To conclude, a failure to me is a man who has lost hope or simply lacks the motivation to try. A man who has given up. For many of us, there have been times when the future that we envisioned for ourselves has been so bleak that we simply gave up, even though we had cars, houses and everything other people may regard as success.

So before you think of yourself as a failure, think of the man who once went up a tree trying to kill himself. Another fellow walking by saw him and asked him what he was doing.

"I am tired, I want to kill myself, I want to end my sorrowful life. I am a failure"

The other man said, "Before you jump, could you please send your shirt down for me. I have beem trying to to go look for work, but have no suitable shirt. Your shirt would change my life. So please send it down." The fellow did not jump as he saw a man who had things so tough, but he was still willing to try.

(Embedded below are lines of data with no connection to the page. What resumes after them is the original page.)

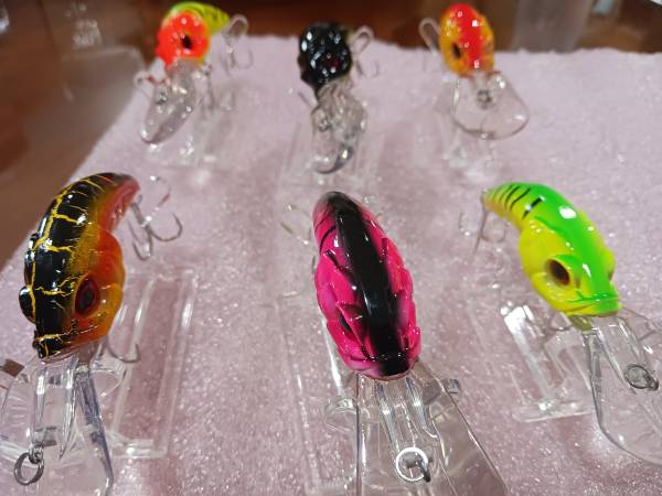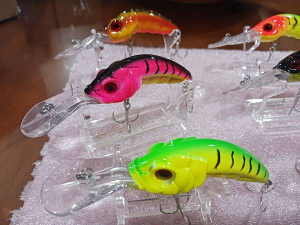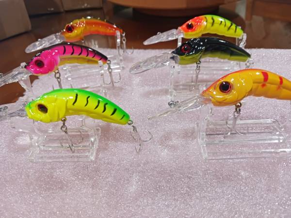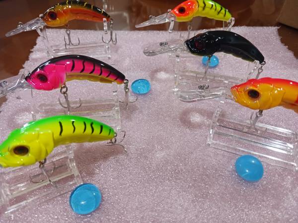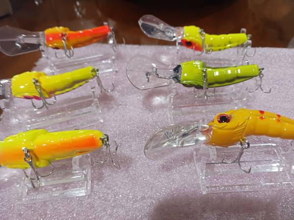 Offering six (6) new Rebel deep diving Crawdad lures in six different color combinations. Lure measures 2.5" and with the extended tongue its 4" long and weighs 5/16 ounce. This lures are floating. Please look at my pictures very carefully as what you see is exactly what you'll be getting L-#36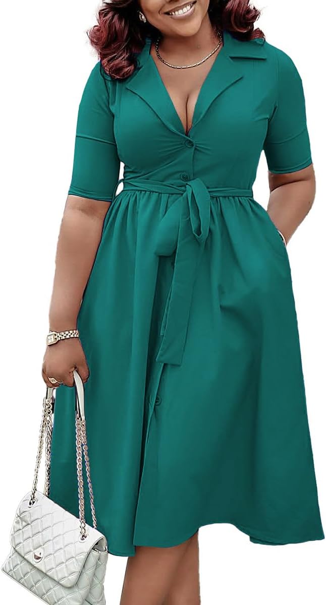BFFBABY Womens Plus Size Wrap V Neck Casual A Line Midi Dresses Short Sleeve Summer Swing Dress with Belt Pockets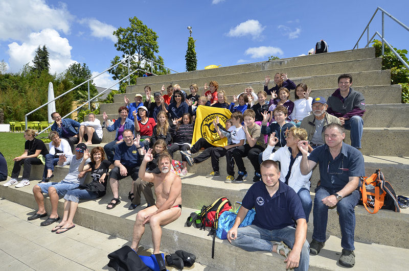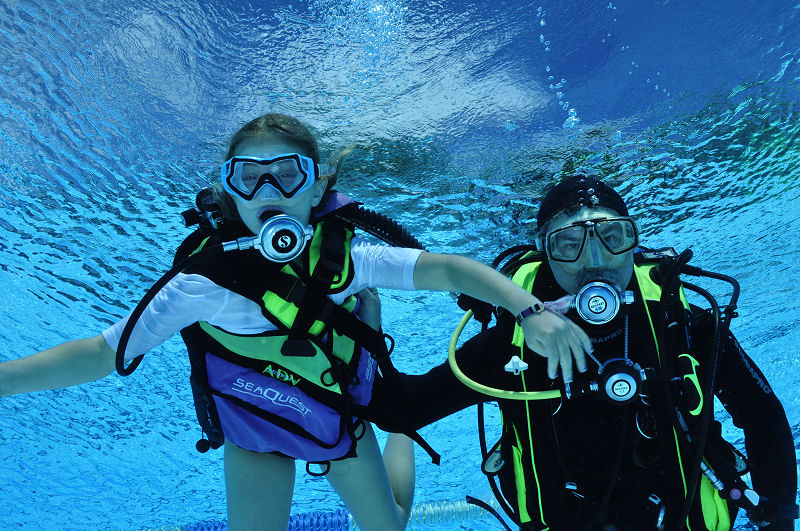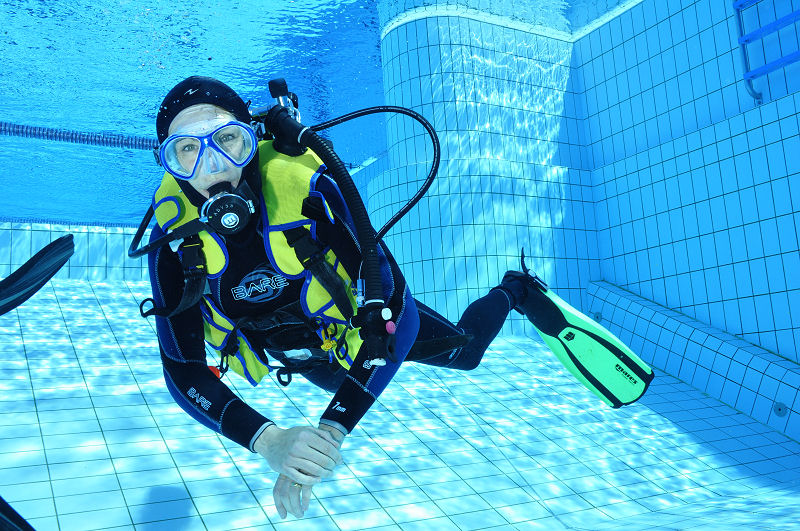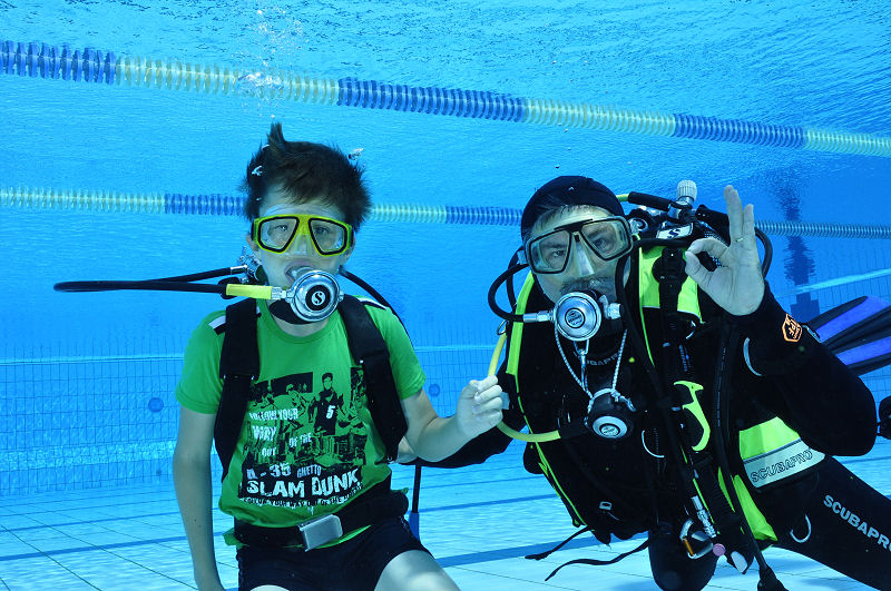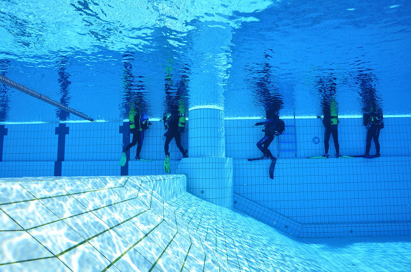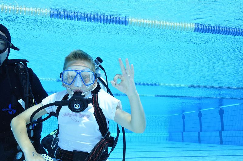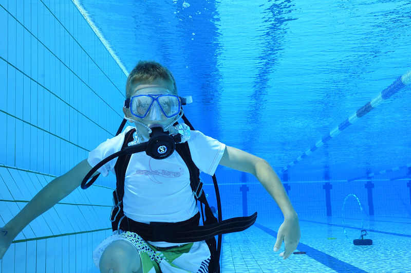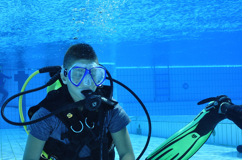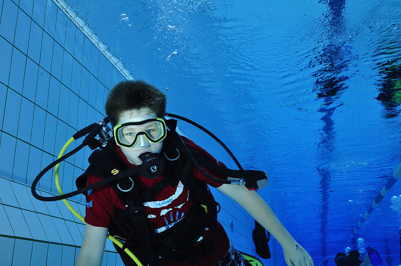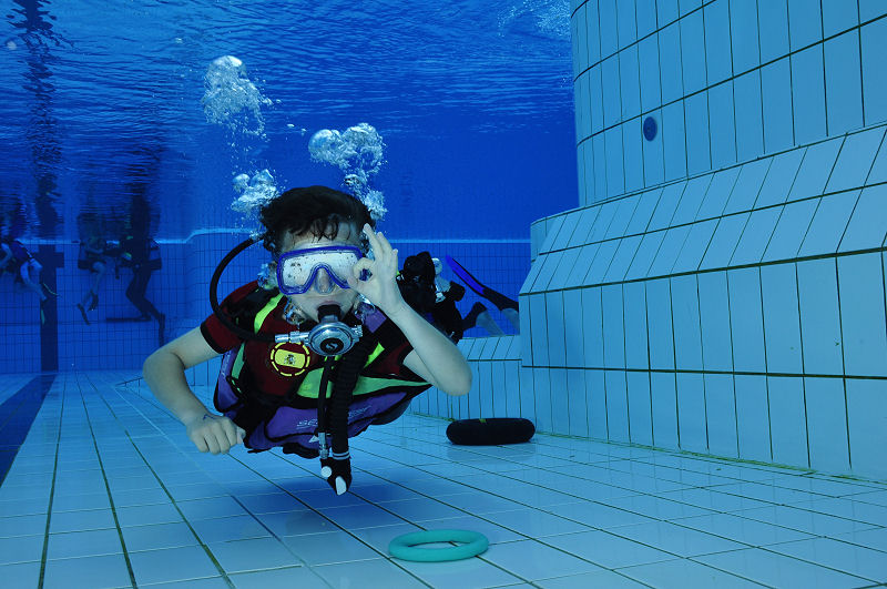 In der Zwischenzeit haben die grossen und kleinen Helfer alles vorbereitet und dann kommt die Praxis. Im Auslaufkanal darf jeder das erste mal unter Wasser atmen. Wenn das klappt gehts in grosse Becken. Fleissige Hände helfen beim Anlegen der Ausrüstung und helfen ins Wasser. Dort wartet auf jedes Kind einer unserer erfahrenen Taucher.

He saw a man with the potential to succeed.

So at the end of the day, both success and our traditional definition of failure are equally important. The main problem is not failure, the main problem is not trying at all.

3 comments:

Martin said...

Hey Mr. Blogger you were right.I studied in Russia and was never able to get a job in Sierra Leone. I was lucky to come to Germany where I am now living. Some of my friends were not so lucky.

Unknown said...

what advice can I give a 24 year old friend in Sierra Leone outside of Freetown who's looking for a job and has got no money at all as it seems?

George B said...

It seems a worthy goal to fund someone in Freetown in their efforts to preserve food. All the tools to do so are on the WEB.